ASSIGNED TASK: As you reproduce every line below, keep it exactly as written and leave out the images.

RECORDS FOR THIS TASK:
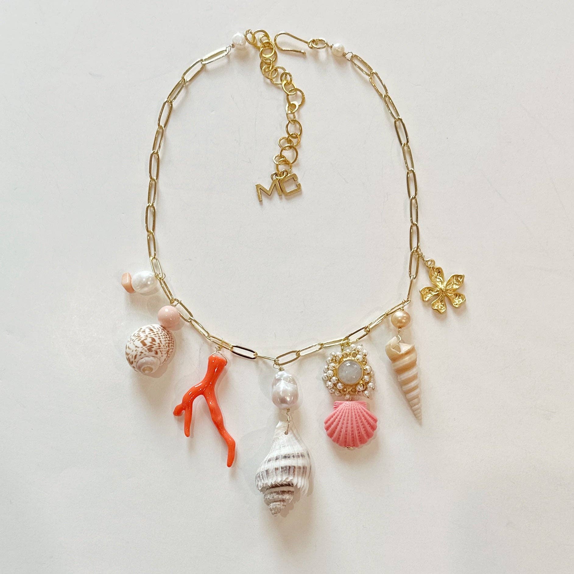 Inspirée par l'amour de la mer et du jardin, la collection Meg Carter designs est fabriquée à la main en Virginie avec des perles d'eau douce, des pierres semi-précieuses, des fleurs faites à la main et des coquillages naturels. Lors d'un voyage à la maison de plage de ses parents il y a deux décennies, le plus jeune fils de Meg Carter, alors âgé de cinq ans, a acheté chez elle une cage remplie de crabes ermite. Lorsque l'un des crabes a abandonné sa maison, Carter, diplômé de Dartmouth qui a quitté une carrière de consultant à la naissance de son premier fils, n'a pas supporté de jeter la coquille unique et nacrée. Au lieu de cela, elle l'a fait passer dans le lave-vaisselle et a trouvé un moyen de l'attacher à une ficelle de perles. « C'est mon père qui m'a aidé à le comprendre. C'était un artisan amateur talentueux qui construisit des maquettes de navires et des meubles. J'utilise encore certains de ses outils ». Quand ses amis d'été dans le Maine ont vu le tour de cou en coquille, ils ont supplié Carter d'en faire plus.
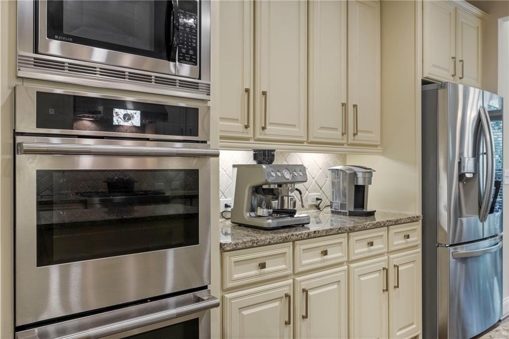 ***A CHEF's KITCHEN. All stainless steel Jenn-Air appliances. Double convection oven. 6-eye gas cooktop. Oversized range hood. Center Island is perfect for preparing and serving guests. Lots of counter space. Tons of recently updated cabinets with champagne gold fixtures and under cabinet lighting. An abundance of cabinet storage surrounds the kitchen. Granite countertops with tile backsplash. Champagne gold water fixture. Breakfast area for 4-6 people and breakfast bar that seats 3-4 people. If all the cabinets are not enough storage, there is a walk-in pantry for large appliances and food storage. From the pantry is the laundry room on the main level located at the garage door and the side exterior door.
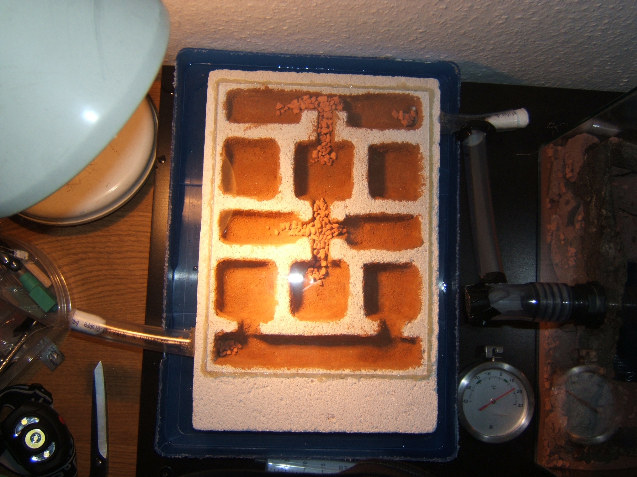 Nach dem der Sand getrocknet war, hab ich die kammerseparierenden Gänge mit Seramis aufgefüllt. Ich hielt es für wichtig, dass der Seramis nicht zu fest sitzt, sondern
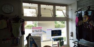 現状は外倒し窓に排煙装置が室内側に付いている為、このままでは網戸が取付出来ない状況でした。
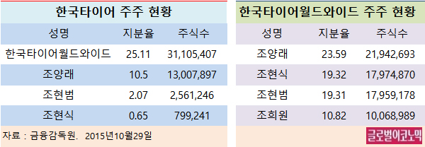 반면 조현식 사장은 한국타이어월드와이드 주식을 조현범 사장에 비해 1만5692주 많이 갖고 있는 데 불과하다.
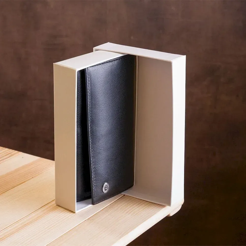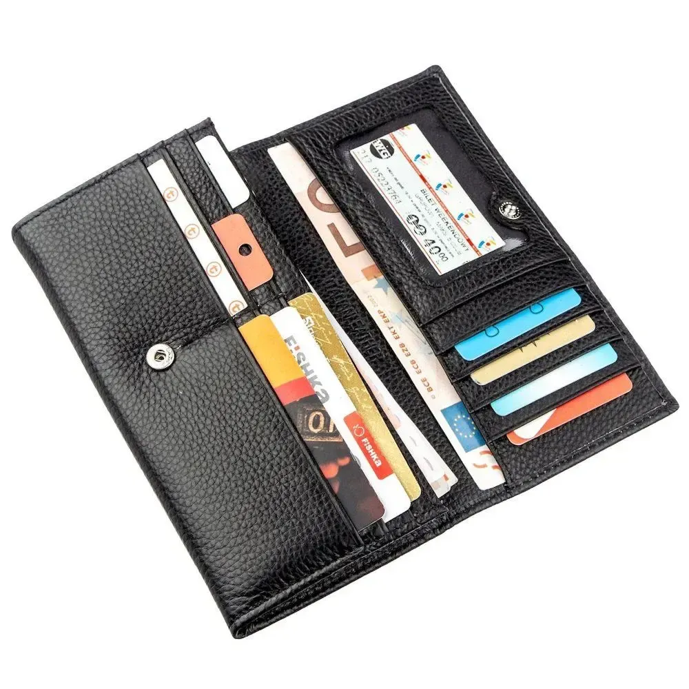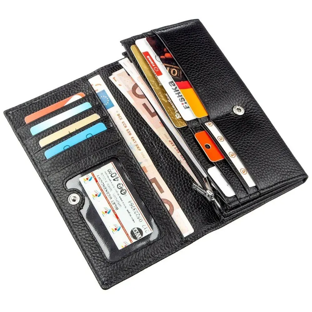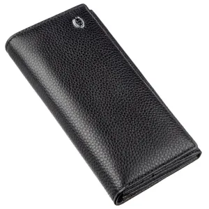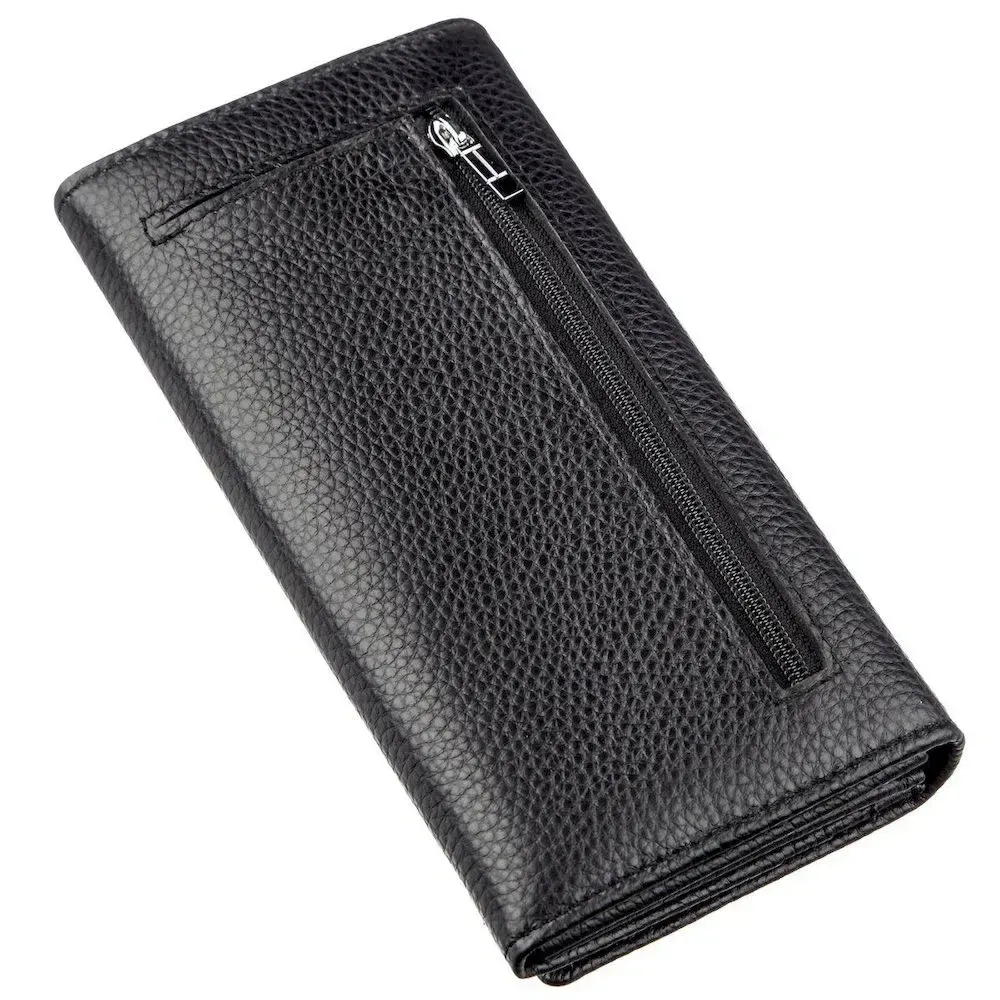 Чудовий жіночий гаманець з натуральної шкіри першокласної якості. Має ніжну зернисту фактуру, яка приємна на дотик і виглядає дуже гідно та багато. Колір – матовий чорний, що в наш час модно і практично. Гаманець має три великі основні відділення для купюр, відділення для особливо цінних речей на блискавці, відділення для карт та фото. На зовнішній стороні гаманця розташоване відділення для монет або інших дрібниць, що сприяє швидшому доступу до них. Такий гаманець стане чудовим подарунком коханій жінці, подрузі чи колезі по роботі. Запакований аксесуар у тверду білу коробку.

RESPONSE FOR THIS EXERCISE:
 Inspirée par l'amour de la mer et du jardin, la collection Meg Carter designs est fabriquée à la main en Virginie avec des perles d'eau douce, des pierres semi-précieuses, des fleurs faites à la main et des coquillages naturels. Lors d'un voyage à la maison de plage de ses parents il y a deux décennies, le plus jeune fils de Meg Carter, alors âgé de cinq ans, a acheté chez elle une cage remplie de crabes ermite. Lorsque l'un des crabes a abandonné sa maison, Carter, diplômé de Dartmouth qui a quitté une carrière de consultant à la naissance de son premier fils, n'a pas supporté de jeter la coquille unique et nacrée. Au lieu de cela, elle l'a fait passer dans le lave-vaisselle et a trouvé un moyen de l'attacher à une ficelle de perles. « C'est mon père qui m'a aidé à le comprendre. C'était un artisan amateur talentueux qui construisit des maquettes de navires et des meubles. J'utilise encore certains de ses outils ». Quand ses amis d'été dans le Maine ont vu le tour de cou en coquille, ils ont supplié Carter d'en faire plus.
 ***A CHEF's KITCHEN. All stainless steel Jenn-Air appliances. Double convection oven. 6-eye gas cooktop. Oversized range hood. Center Island is perfect for preparing and serving guests. Lots of counter space. Tons of recently updated cabinets with champagne gold fixtures and under cabinet lighting. An abundance of cabinet storage surrounds the kitchen. Granite countertops with tile backsplash. Champagne gold water fixture. Breakfast area for 4-6 people and breakfast bar that seats 3-4 people. If all the cabinets are not enough storage, there is a walk-in pantry for large appliances and food storage. From the pantry is the laundry room on the main level located at the garage door and the side exterior door.
 Nach dem der Sand getrocknet war, hab ich die kammerseparierenden Gänge mit Seramis aufgefüllt. Ich hielt es für wichtig, dass der Seramis nicht zu fest sitzt, sondern
 現状は外倒し窓に排煙装置が室内側に付いている為、このままでは網戸が取付出来ない状況でした。
 반면 조현식 사장은 한국타이어월드와이드 주식을 조현범 사장에 비해 1만5692주 많이 갖고 있는 데 불과하다.
 Чудовий жіночий гаманець з натуральної шкіри першокласної якості. Має ніжну зернисту фактуру, яка приємна на дотик і виглядає дуже гідно та багато. Колір – матовий чорний, що в наш час модно і практично. Гаманець має три великі основні відділення для купюр, відділення для особливо цінних речей на блискавці, відділення для карт та фото. На зовнішній стороні гаманця розташоване відділення для монет або інших дрібниць, що сприяє швидшому доступу до них. Такий гаманець стане чудовим подарунком коханій жінці, подрузі чи колезі по роботі. Запакований аксесуар у тверду білу коробку.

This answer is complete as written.